Brennan noted that the Tour of the Gila needs additional funding in order to take the next step. He and Geels have sought advice from the Economic Development and Chamber of Commerce in Silver City.
“We are trying to identify where we can go to find a title sponsor,” Brennan said. “They are really helping us out to try to find sponsors for
the race. We are working on a list of companies and other ideas of where we can go for the funding.”
“We have talked to the state of New Mexico, the current governor and the democratic candidate for governor about our race,” he added. “But our state is much like other states and they don’t have the funding. Our race is a weeklong event and can be marketed as a place to come and visit. That is how I am trying to present it to the New Mexico Tourism department. The state is not really involved, if they had the money they would put in the money to the Tour of the Gila. We need to go other directions.”

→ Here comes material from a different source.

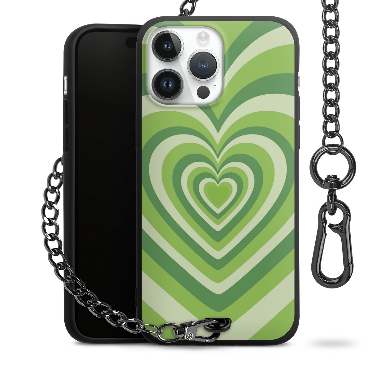 - Mattschwarze Handyhülle mit Metallkette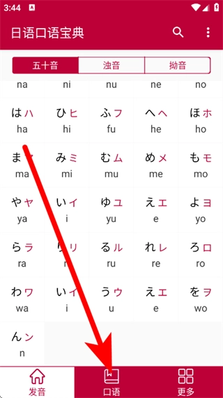 1、在日语口语宝典首页,点击底部口语按钮,进入口语分类页面。

The US lost several key UCI events in recent years due to the economic downturn including the Tour de Georgia, Tour of Missouri and the Tour de New York. It was recently announce that the nation had gained the UCI 2.1 Quiznos Pro Challenge to be held in Colorado next August.
“We need more stage races,” Brennan said. “We need to find other stage races and support them otherwise we don’t have the racing terrain and atmosphere to prepare our racers for racing internationally. I think we do a great job and we need to continue that.”

Worlds also on Sicilian’s horizon
Fresh from a solid third place at the Vuelta a Burgos, Vincenzo Nibali (Liquigas-Doimo) is steadily working towards his major objective of the second half of the season, the Vuelta a España.
"I want to ride as strongly there as I did at the Giro, but I won't say any more than that out of superstition," Nibali told La Gazzetta dello Sport. "I'll ride as leader, with the same attitude as ever but with greater responsibility. I'd like to leave my mark in Spain."
Nibali has clearly grown in confidence this season and he credits his podium finish at the Giro d'Italia for this transformation. "It gave me a lot of belief," he said. "It was my revenge on those people who didn't believe in me in the past. And there were a lot of them."
Before returning to the Iberian peninsula, Nibali will ride three races on Italian roads, the Coppa Agostoni, Tre Valli Varesine and the Trofeo Melinda. As well as building condition for the Vuelta, he hopes to avail of the opportunity to force his way into Paolo Bettini's plans for the Italian team at the World Championships.
"I haven't had the chance to speak with Bettini yet, but it will happen during the next races. He knows me well. He'll explain the route to me and tell me what he has in mind. Then it'll be down to me to ride well," Nibali said.
"[Late Italian manager Franco] Ballerini had been in Melbourne and spoke of a route that wasn't as easy as it seemed, and I think Bettini has the same idea."
Nibali believes that his display at the Giro in support of Ivan Basso demonstrates his capacity to ride for a leader, as he would be required to do in Melbourne. He also noted that Basso might not have enjoyed such support had Franco Pellizotti ridden the Giro as planned. Pellizotti showed irregularities in his biological passport before the race and was pulled from the Liquigas line-up and replaced by Nibali.
"Between Basso and me there's a different rapport than between Basso and Pellizotti. They're the same age, whereas I'm younger," said Nibali. "I often followed Basso's instructions, while Pellizotti would have started as a leader. It would have been a different Giro."
In any case, Nibali has few regrets about forgoing the Tour, where he was 7th in 2009, in favour of the Giro. However, he did note his contemporary Andy Schleck's improvement in the race this year, commenting "I would have liked to have compared myself against him, but we'll see in 2011 instead."